What do we learn about God?

He hears - the wickedness of Ninevah (v2), the cry of the sailors (v14). God is not indifferent to human suffering. God is not indifferent to injustice. He sees and he hears.
He is all-powerful - he started and stopped the storm.
He is merciful. Especially to Jonah, but also to Ninevah. We can’t have his mercy for ourselves but withhold it from others.

Where is Jesus in Jonah? Where is Jonah in Jesus?

I want to finish by getting us to think about how we read the Old Testament? These things happened before Jesus was born. Can we learn anything from this story about Jesus.
Firstly, we know that Jesus himself was familiar with this story.
Matthew 12:38–41 NIV
38 Then some of the Pharisees and teachers of the law said to him, “Teacher, we want to see a sign from you.” 39 He answered, “A wicked and adulterous generation asks for a sign! But none will be given it except the sign of the prophet Jonah. 40 For as Jonah was three days and three nights in the belly of a huge fish, so the Son of Man will be three days and three nights in the heart of the earth. 41 The men of Nineveh will stand up at the judgment with this generation and condemn it; for they repented at the preaching of Jonah, and now something greater than Jonah is here.
So Jesus read these scriptures too. And he used Jonah as an example to talk about his own coming death and resurrection. God sent the fish as a way to rescue Jonah. Jesus’ death was a means of rescue for us.
But Jesus says something really provocative at the end. He says ‘something greater than Jonah is here’.
Someone greater than a prophet who hears directly from God. Some people say that Jesus was a prophet. Just a prophet. That is one of the teachings of Islam. But here, Jesus is saying that he is greater than a prophet. What is the proof? Here’s a story that three of the gospel writers included, because it was so important to them:
Luke 8:22–25 NIV
22 One day Jesus said to his disciples, “Let us go over to the other side of the lake.” So they got into a boat and set out. 23 As they sailed, he fell asleep. A squall came down on the lake, so that the boat was being swamped, and they were in great danger. 24 The disciples went and woke him, saying, “Master, Master, we’re going to drown!” He got up and rebuked the wind and the raging waters; the storm subsided, and all was calm. 25 “Where is your faith?” he asked his disciples. In fear and amazement they asked one another, “Who is this? He commands even the winds and the water, and they obey him.”
Does this remind you of anything? A guy sleeping in a boat while a storm rages. Experienced sailors are terrified. The boat is in danger. At first we think, JONAH! But this story ends so differently. Jesus got up. Remember how everyone was telling Jonah to get up, and he only got up to run away? Jesus got up, and he rebuked the winds and the waves, and the storm stopped dead. Remember how uncommon it was for a storm to stop dead, but this one did.
Just like the sailors in Jonah’s story, the sailors here, the disciples, are terrified. I think they have the same emotional experience as Jonah’s crew. The storm stops, and the realise the power that they are in contact with.
“Who is this? He commands even the winds and the water, and they obey him.”
Remember what we learned about God from the story of Jonah. He is the one who commands the wind and the waves. And here is Jesus, commanding the wind and the waves.

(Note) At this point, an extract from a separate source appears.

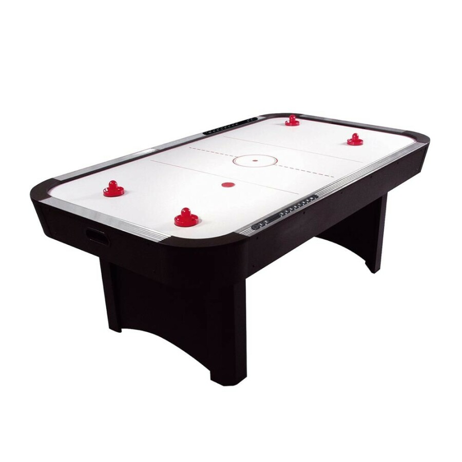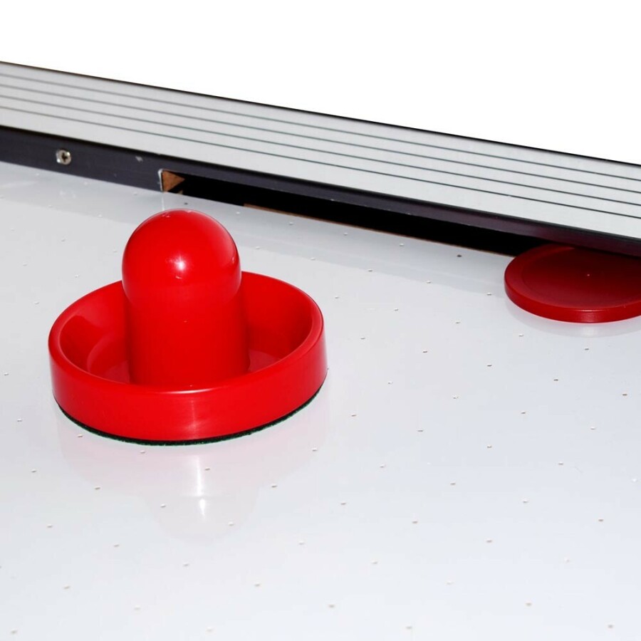 Deze stevige tafel voor lucht-hockey brengt vaart in elke speelhoek. Het witte speelvlak is hoogglans, krasvast en 32 mm dik. Door de luchtstroom glijdt de puck soepel en blijft het spel eerlijk. Je hebt een 220 V aansluiting nodig. Er worden vier rode pushers en vier pucks meegeleverd. Geschikt vanaf 6 jaar; montage is vereist. Afmetingen van de tafel maken plaats voor meerdere spelers tegelijk.
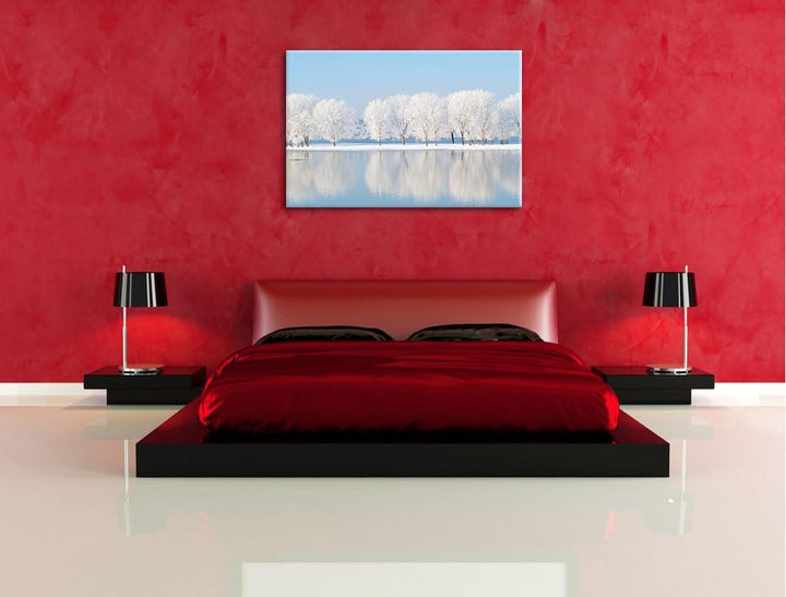 Schneebedeckte Bäume im Winter Format: 100x70 auf Leinwand, XXL riesige Bilder fertig gerahmt mit Ke

Jesus is greater than Jonah

Jonah ran from the mercy of God. He didn’t want to get up and take the message of repentance to the evil city. He slept in the boat while everyone on board was in danger of drowning. He had the gift of prophecy, but not the character. We’ll see more of that as his story goes on. And yet the great story of Jonah points to the one who was to come who is greater than Jonah. It shows us the divinity of Jesus, who commands the wind and the waves.
Over the next few weeks, I want to invite you as we study Jonah together to be looking out for what we can learn from Jonah, what we can learn about God and His character, and to be thinking about how we can see Jesus, the greater one.